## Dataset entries
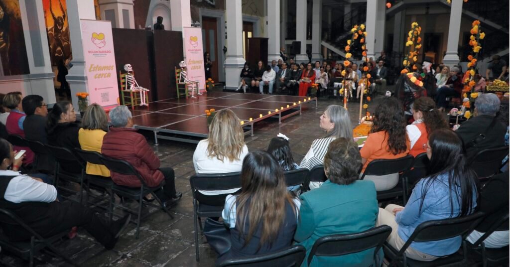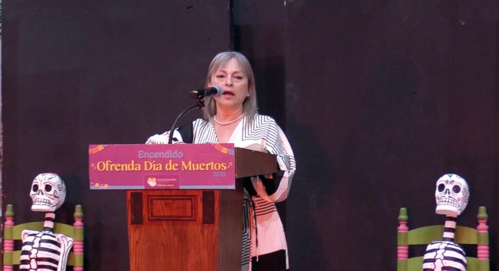 Alvis Gorostieta Uribe, Presidenta Honoraria del Voluntariado -quien encabezó al talentoso equipo de servidoras y servidores judiciales responsables de cada instalación- agradeció las manos voluntarias que hicieron posible este monumental altar que honra la memoria de quienes ya no están en este plano.
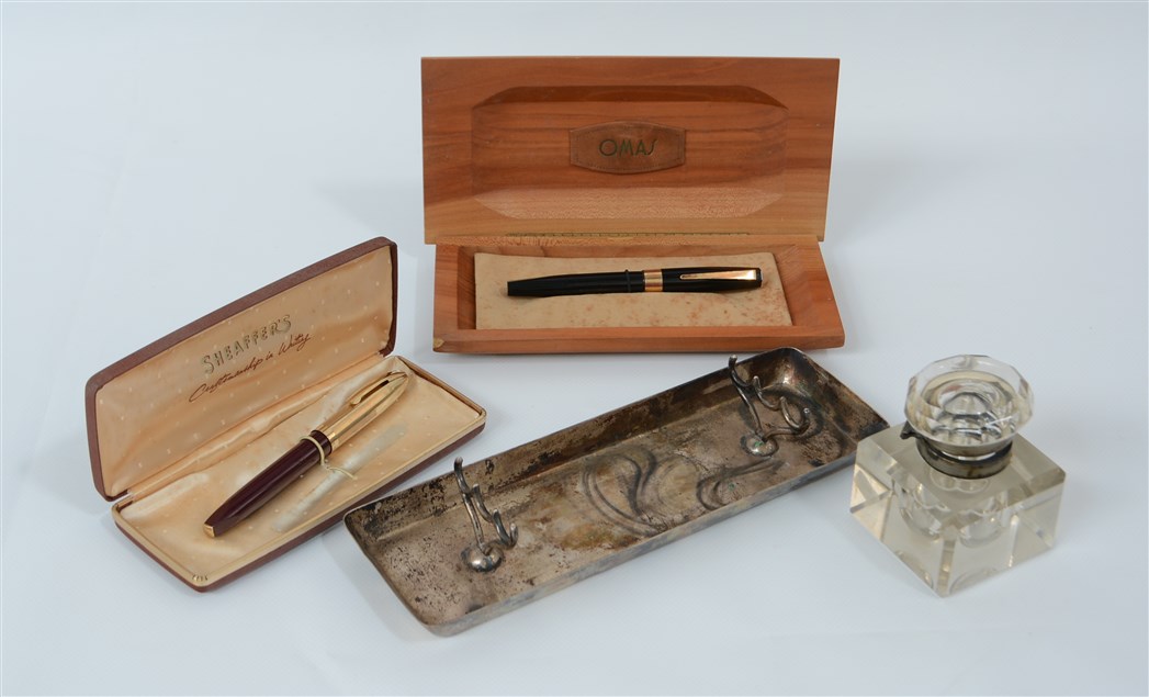 Lotto composto da due stilografiche in astuccio, un calamaio ed una vaschetta p
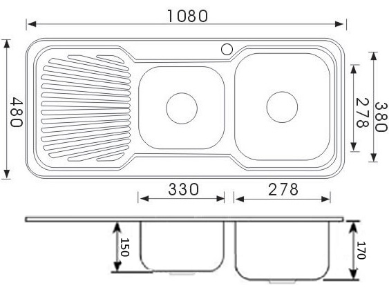 SKU: P1080RHB 1 & 3/4 Right Hand Bowl Sink; AIS 304 18/8 grade stainless steel; Rubber Seal; Mounting Clips & Basket Waste inlcuded
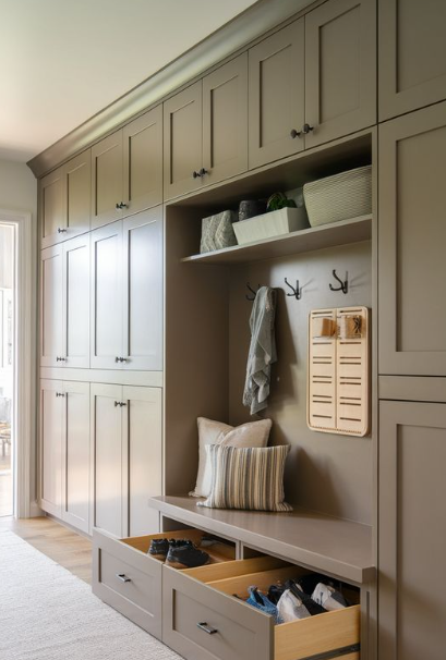 In family homes, clutter tends to collect at entry points. Without a designated drop zone, shoes pile up, coats migrate to chairs, and keys go missing. A thoughtfully planned mudroom creates a clear transition between outdoors and indoors—containing the mess while keeping the rest of the home calm and organized. When designed properly, it becomes one of the most valuable spaces in the house.
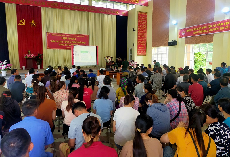 Các lực lượng chức năng tuyên truyền bảo vệ biên giới và phòng chống lừa đảo trực tuyến cho nhân dân xã biên giới tỉnh Lào Cai.
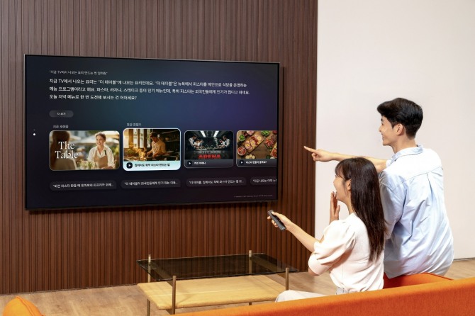 이미지 확대보기이번 업데이트로 사용자는 TV와 대화하듯이 쉽게 다양한 정보를 얻을 수 있게 됐다. 예를 들어 시청중인 프로그램에서 등장 인물 정보를 알고 싶을 때 리모콘의 'AI 버튼'을 누르면 AI가 관련 내용을 알려준다. 추가적인 질문을 해도 상황에 맞는 정보를 얻을 수도 있다.
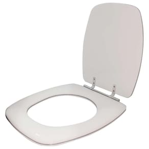 Este Assento Sanitário é produzido com base em MDF, camada de espuma macia e revestimento em vinil plástico brilhante. É muito macio e confortável. A ferragem é metálica em alumínio anodizado e não enferruja.
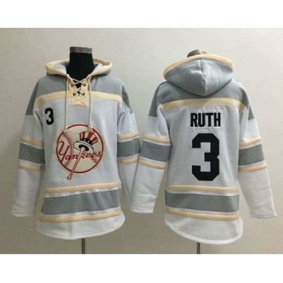 >Men's New York Yankees #3 Babe Ruth White Retired Baseball MLB Hoodie
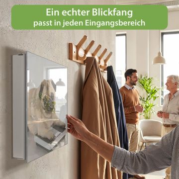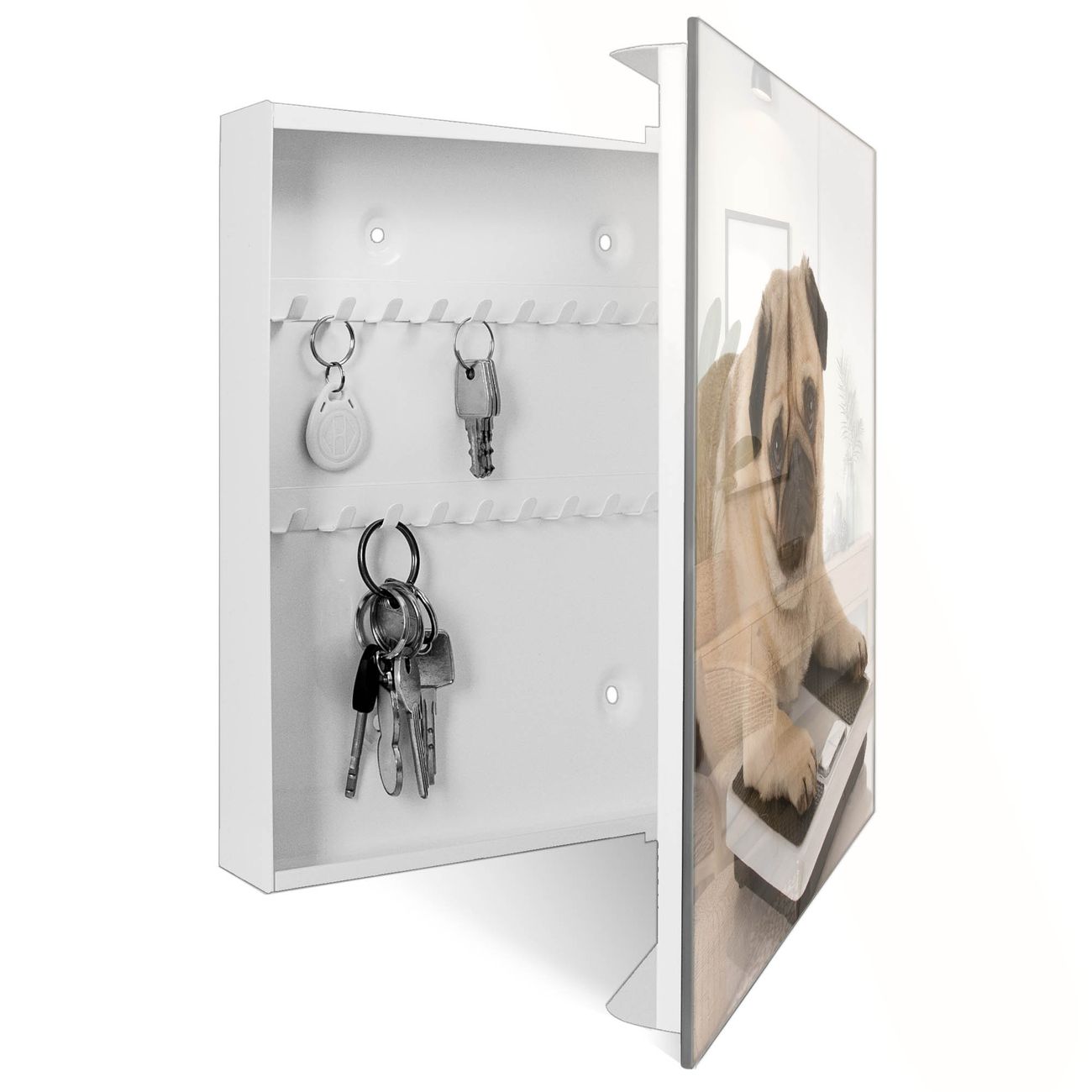 Bringe Ordnung und Eleganz in deinen Eingangsbereich mit dem banjado Schlüsselkasten Motiv Motiv Mops. Die moderne Schlüsselbox kombiniert funktionales Design mit hochwertiger Verarbeitung und wird so zu einem echten Hingucker in Flur, Büro oder Ferienwohnung. ✅ Stilvolle Schlüsselaufbewahrung mit Glasfront im Motiv Motiv Mops Der Design-Schlüsselkasten Motiv Motiv Mops bietet Platz für bis zu 50 Schlüssel, die auf 5 stabilen Reihen mit je 10 Haken übersichtlich verstaut werden. Mit seinen kompakten Maßen von 30 x 30 x 5 cm passt die Schlüsselbox perfekt auch in kleinere Räume. Der weiß lackierte Stahlkorpus mit rechts angeschlagenem Türscharnier harmoniert mit der Glasfront und fügt sich nahtlos in jedes Wohnambiente ein. Ob als Schlüsselorganizer für Zuhause oder als praktische Lösung für Büros, Praxen und Gewerbe, der banjado Schlüsselkasten sorgt für Ordnung und Übersicht. Dank der magnetischen, mit Kreidestiften beschreibbaren Glasfront kannst du Notizen anheften oder Termine direkt auf der Oberfläche festhalten. Die Schlüsselbox Motiv Motiv Mops zur Wandmontage wird inklusive Befestigungsmaterial geliefert und ist schnell angebracht. So hast du deine Schlüssel jederzeit griffbereit und zugleich stilvoll verstaut. Mit diesem banjado Schlüsselkasten Motiv Motiv Mops kombinierst du praktische Aufbewahrung mit stilvollem Wohndesign. Ob privat oder geschäftlich, die Schlüsselbox sorgt für mehr Ordnung, Übersicht und ein wohnliches Ambiente.Vorteile im Überblick
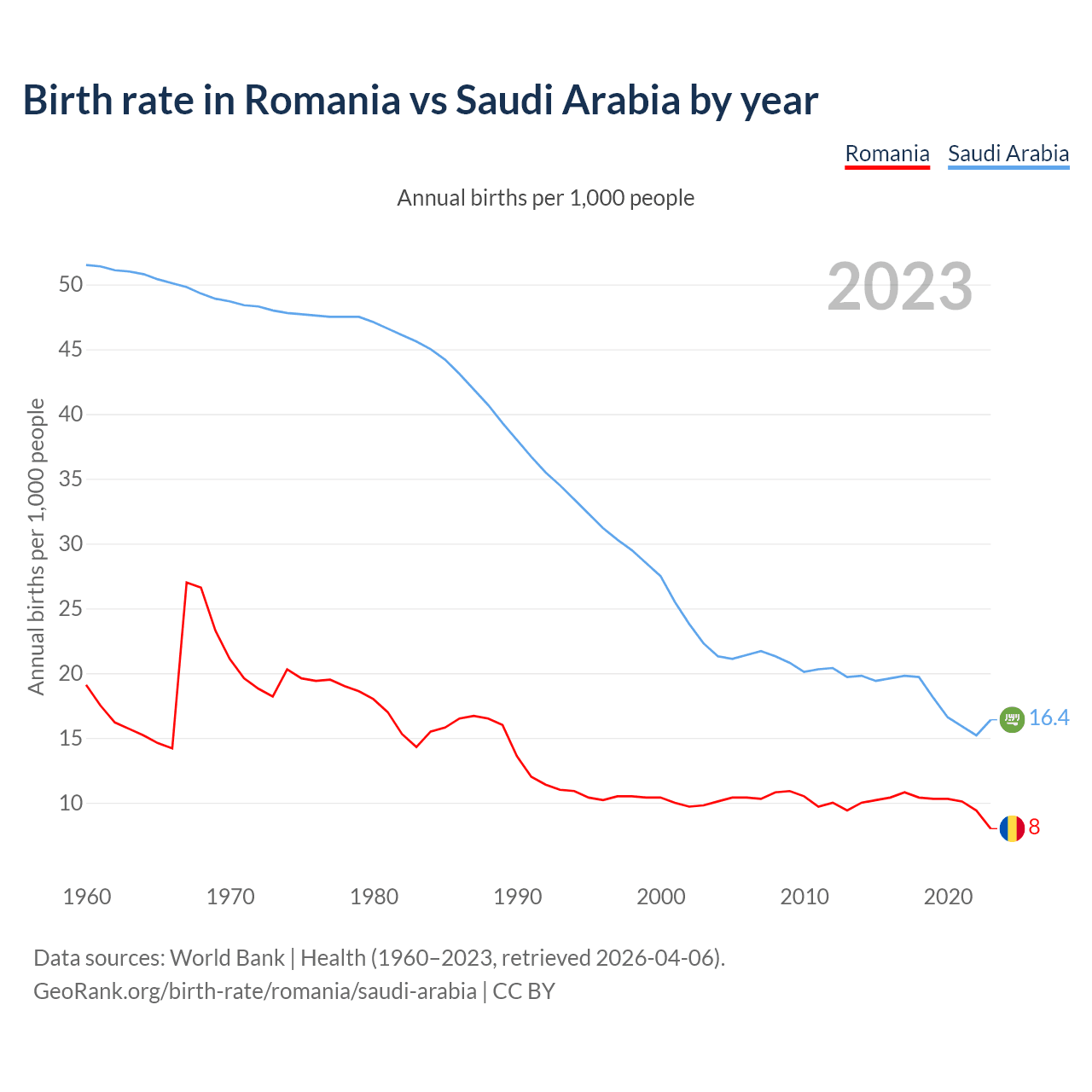 GeoRank.org/birth-rate/romania/saudi-arabia | CC BY
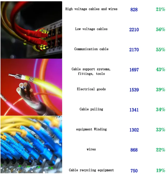 电线电缆:电力电缆、特种电缆、高压/超高压交联电缆、新能源电缆、太阳能/风能电缆、海洋工程用电缆、海底电缆、通信电缆、阻燃电线电缆、阻燃耐火软电缆、铁路信号电缆、核能电缆、射频电线电缆、同轴电线电缆、舰船车辆电线电缆、矿用电缆、屏蔽电缆、架空电缆、通用橡套电缆、控制电缆、数据信号电缆、裸电线等;
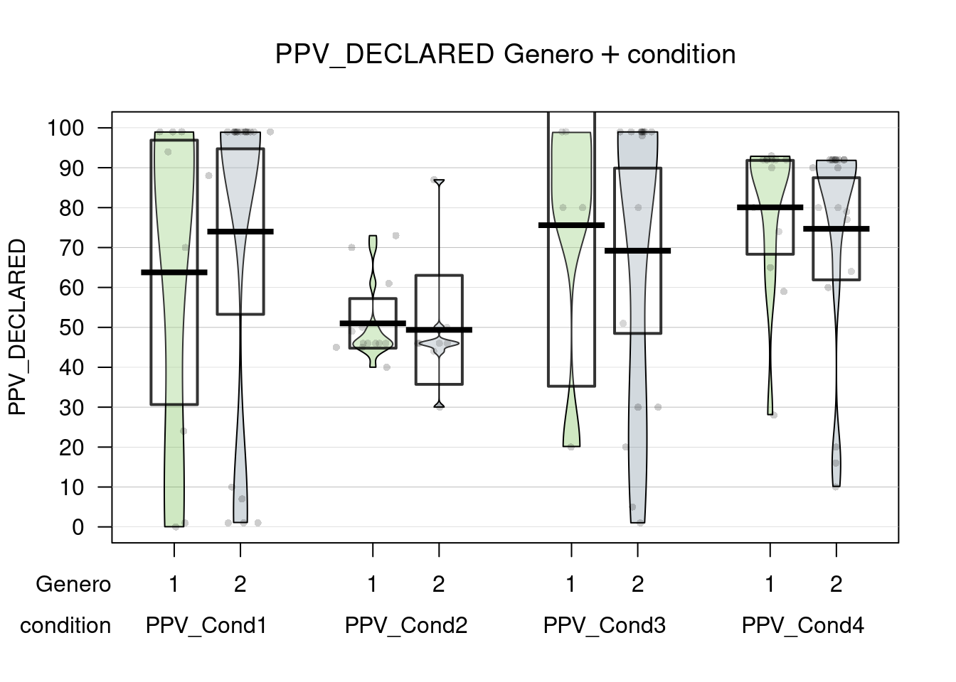Plot.me(PPV_DECLARED ~ Genero + condition, datos)## inf is depricated. Use inf.method instead

## Work to be completed
Leaving pictures aside, write out each record above exactly as given.

## The completed task
 Alvis Gorostieta Uribe, Presidenta Honoraria del Voluntariado -quien encabezó al talentoso equipo de servidoras y servidores judiciales responsables de cada instalación- agradeció las manos voluntarias que hicieron posible este monumental altar que honra la memoria de quienes ya no están en este plano.
 Lotto composto da due stilografiche in astuccio, un calamaio ed una vaschetta p
 SKU: P1080RHB 1 & 3/4 Right Hand Bowl Sink; AIS 304 18/8 grade stainless steel; Rubber Seal; Mounting Clips & Basket Waste inlcuded
 In family homes, clutter tends to collect at entry points. Without a designated drop zone, shoes pile up, coats migrate to chairs, and keys go missing. A thoughtfully planned mudroom creates a clear transition between outdoors and indoors—containing the mess while keeping the rest of the home calm and organized. When designed properly, it becomes one of the most valuable spaces in the house.
 Các lực lượng chức năng tuyên truyền bảo vệ biên giới và phòng chống lừa đảo trực tuyến cho nhân dân xã biên giới tỉnh Lào Cai.
 이미지 확대보기이번 업데이트로 사용자는 TV와 대화하듯이 쉽게 다양한 정보를 얻을 수 있게 됐다. 예를 들어 시청중인 프로그램에서 등장 인물 정보를 알고 싶을 때 리모콘의 'AI 버튼'을 누르면 AI가 관련 내용을 알려준다. 추가적인 질문을 해도 상황에 맞는 정보를 얻을 수도 있다.
 Este Assento Sanitário é produzido com base em MDF, camada de espuma macia e revestimento em vinil plástico brilhante. É muito macio e confortável. A ferragem é metálica em alumínio anodizado e não enferruja.
 >Men's New York Yankees #3 Babe Ruth White Retired Baseball MLB Hoodie
 Bringe Ordnung und Eleganz in deinen Eingangsbereich mit dem banjado Schlüsselkasten Motiv Motiv Mops. Die moderne Schlüsselbox kombiniert funktionales Design mit hochwertiger Verarbeitung und wird so zu einem echten Hingucker in Flur, Büro oder Ferienwohnung. ✅ Stilvolle Schlüsselaufbewahrung mit Glasfront im Motiv Motiv Mops Der Design-Schlüsselkasten Motiv Motiv Mops bietet Platz für bis zu 50 Schlüssel, die auf 5 stabilen Reihen mit je 10 Haken übersichtlich verstaut werden. Mit seinen kompakten Maßen von 30 x 30 x 5 cm passt die Schlüsselbox perfekt auch in kleinere Räume. Der weiß lackierte Stahlkorpus mit rechts angeschlagenem Türscharnier harmoniert mit der Glasfront und fügt sich nahtlos in jedes Wohnambiente ein. Ob als Schlüsselorganizer für Zuhause oder als praktische Lösung für Büros, Praxen und Gewerbe, der banjado Schlüsselkasten sorgt für Ordnung und Übersicht. Dank der magnetischen, mit Kreidestiften beschreibbaren Glasfront kannst du Notizen anheften oder Termine direkt auf der Oberfläche festhalten. Die Schlüsselbox Motiv Motiv Mops zur Wandmontage wird inklusive Befestigungsmaterial geliefert und ist schnell angebracht. So hast du deine Schlüssel jederzeit griffbereit und zugleich stilvoll verstaut. Mit diesem banjado Schlüsselkasten Motiv Motiv Mops kombinierst du praktische Aufbewahrung mit stilvollem Wohndesign. Ob privat oder geschäftlich, die Schlüsselbox sorgt für mehr Ordnung, Übersicht und ein wohnliches Ambiente.Vorteile im Überblick
 GeoRank.org/birth-rate/romania/saudi-arabia | CC BY
 电线电缆:电力电缆、特种电缆、高压/超高压交联电缆、新能源电缆、太阳能/风能电缆、海洋工程用电缆、海底电缆、通信电缆、阻燃电线电缆、阻燃耐火软电缆、铁路信号电缆、核能电缆、射频电线电缆、同轴电线电缆、舰船车辆电线电缆、矿用电缆、屏蔽电缆、架空电缆、通用橡套电缆、控制电缆、数据信号电缆、裸电线等;
Plot.me(PPV_DECLARED ~ Genero + condition, datos)## inf is depricated. Use inf.method instead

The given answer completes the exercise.